Always take a picture or draw a diagram of the throttle linkage before you remove the carb so you will be able to put it back together, sounds simple however everyone forgets how the linkage works. Have a good one. Geo


----------



## geogrubb (Jul 28, 2006)

Since you haven't said what the engine was doing I will guess it won't start which is usually the nut(main jet) that holds the carb bowl on is dirty and it is usually the tiny hole near the top that is the problem, I clean it with the wire from a twist tie, check the pic below. Have a good one. Geo


----------



## nbpt100 (Jun 1, 2015)

I agree with Geogrub.

I will often scratch a mark next to the hole the linkage goes in. This is just my way of keeping track. If a sketch or picture works for someone else, it is all good.

You may want to have a new intake gasket on hand because if it is old it may tear coming off.


----------



## Vivid-Dawn (Jun 4, 2015)

I finally got it off! It took forever, because once I -could- fit the wrench into the tight spot, then it only moved maybe 1/8 of an inch at a time... oiy!

And I always take pictures before moving, removing, unscrewing, etc. anything. I have a horrible memory, and wouldn't be able to remember what went where after an hour of tinkering LOL

I am going to just clean the whole carburetor, because there's a lot of gunk on the choke plate too. Also had to buy a gasket seal, because when I took off the exhaust manifold, there wasn't one!
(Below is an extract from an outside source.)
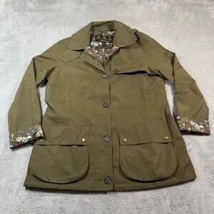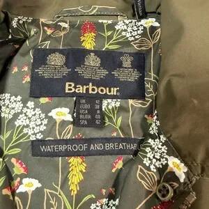 Barbour Wytherstone Waterproof Jacket Women 8 Olive Green Floral Lined Hooded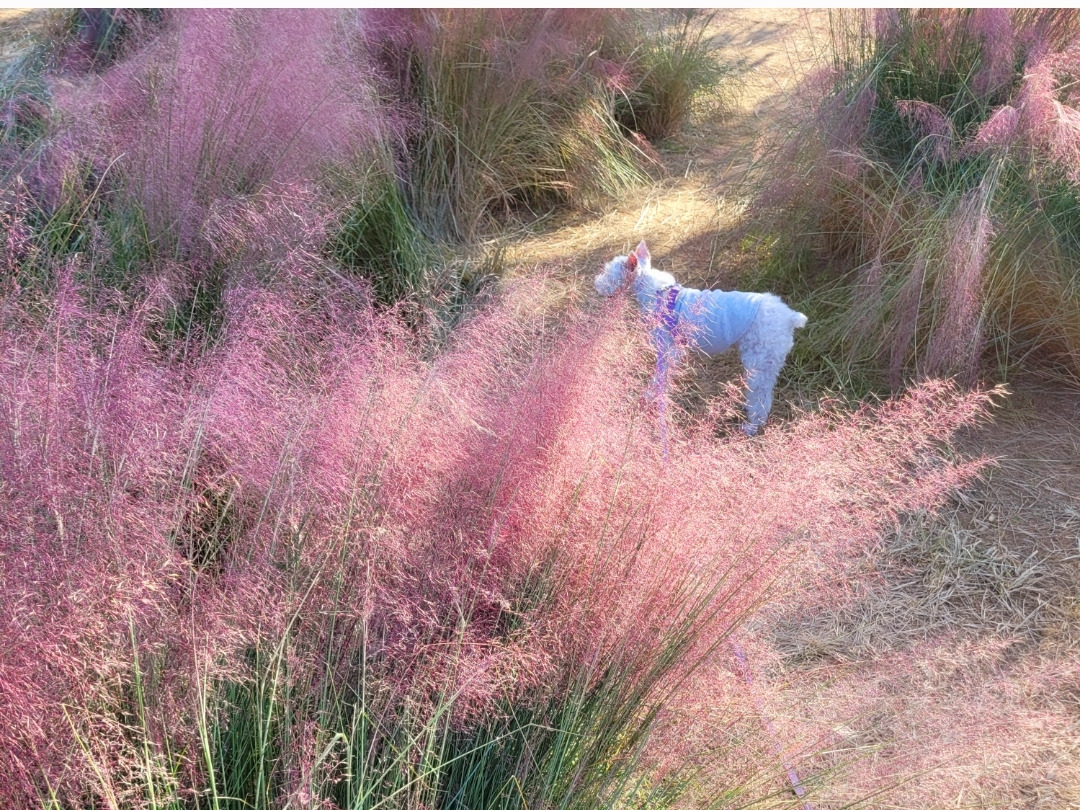 다음으로 망고와 내가 좋아하는 곳은 하늘공원이다. 특히, 가을의 억새풀과 핑크 뮬리가 우거진 하늘공원은 그 화려함이 유명해서 모든 연인들의 데이트 장소로 손꼽힌다. 이곳은 지대가 높아 무려 210개나 되는 계단을 올라가거나, 나선형으로 만들어 놓은 산책로를 이용하거나, 맹꽁이 전기차를 타고 올라가야 한다. 세 코스 모두 각기 다른 아름다움이 있어서 갈 때마다 다른 코스를 경험해 보는 것도 하늘공원 사용의 좋은 방법이라 하겠다.

And yes, geogrubb, the guy said it just wouldn't start, and I could have it to learn on. Then once I get it working good and cleaned up (it's all grimey!), I'll sell it. Then there's an old Craftsman chainsaw waiting for me, too. And a neighbor says he has a weed wacker that doesn't work, and that's mine if/when I want it. I'm so excited to get into this work!


----------



## 30yearTech (Sep 14, 2006)

Vivid-Dawn said:


> I finally got it off! It took forever, because once I -could- fit the wrench into the tight spot, then it only moved maybe 1/8 of an inch at a time... oiy!


Here is a link to a pretty good video that illustrates what I was trying to describe as to removing the carburetor with the intake manifold still attached.

https://www.youtube.com/watch?v=8h2O4QsUZZo

Carburetor removal starts at 2:15 in the video and also covers the carburetor service.


----------



## Vivid-Dawn (Jun 4, 2015)

I left the linkage attached to the mower, rather than taking it with the carb... whoops?

So anyhoo, took the bowl off, and there was tons of rust flakes, the float ring is horribly coated in green powder junk, and ALL the holes in the carb are FULL of rust! Also, nearly had to use a flat screwdriver to pry the bowl off, it was stuck on so bad. Usually when I unscrew the bottom bolt, they fall right off (and sometimes spill gas... this one spilled rust dust!)

I will try to clean it up, but I'm wondering if I'll just end up having to buy a whole new carburetor with the condition this one is in.


----------



## 30yearTech (Sep 14, 2006)

It's worth a try, since the nozzle is plastic you can probably get it cleaned up good enough for it to work. You may check around at the prices for a replacement. If you can find one for the right price, it will certainly save considerable amount of time.


----------



## mikel m14 (Jul 27, 2009)

According to sears, carb is part #640271. They start out at about $15 on ebay, here's one 

http://www.ebay.com/itm/GENUINE-CAR...840?pt=LH_DefaultDomain_0&hash=item3aa4de0cb8


----------



## 30yearTech (Sep 14, 2006)

mikel m14 said:


> According to sears, carb is part #640271. They start out at about $15 on ebay, here's one
> 
> http://www.ebay.com/itm/GENUINE-CARBURETOR-TECUMSEH-640350-640271-640303-ft-LV195EA-LV195XA-LEV120-carb-/251874118840?pt=LH_DefaultDomain_0&hash=item3aa4de0cb8


Wow, that's a great price. For that price, I wouldn't even give it a second thought, just replace it.


----------



## Vivid-Dawn (Jun 4, 2015)

I probably will just put a new one in. (and yes, that's the right part number... they're about $20ish from all sorts of places)

But since this is only the second machine I've worked on, I'm still going to putter around with it, and get familiar. The snow blower I worked on last year didn't have an emulsion tube, and the primer button was separate too. The more I get to know different designs, the better/quicker I'll be at fixing them eventually


----------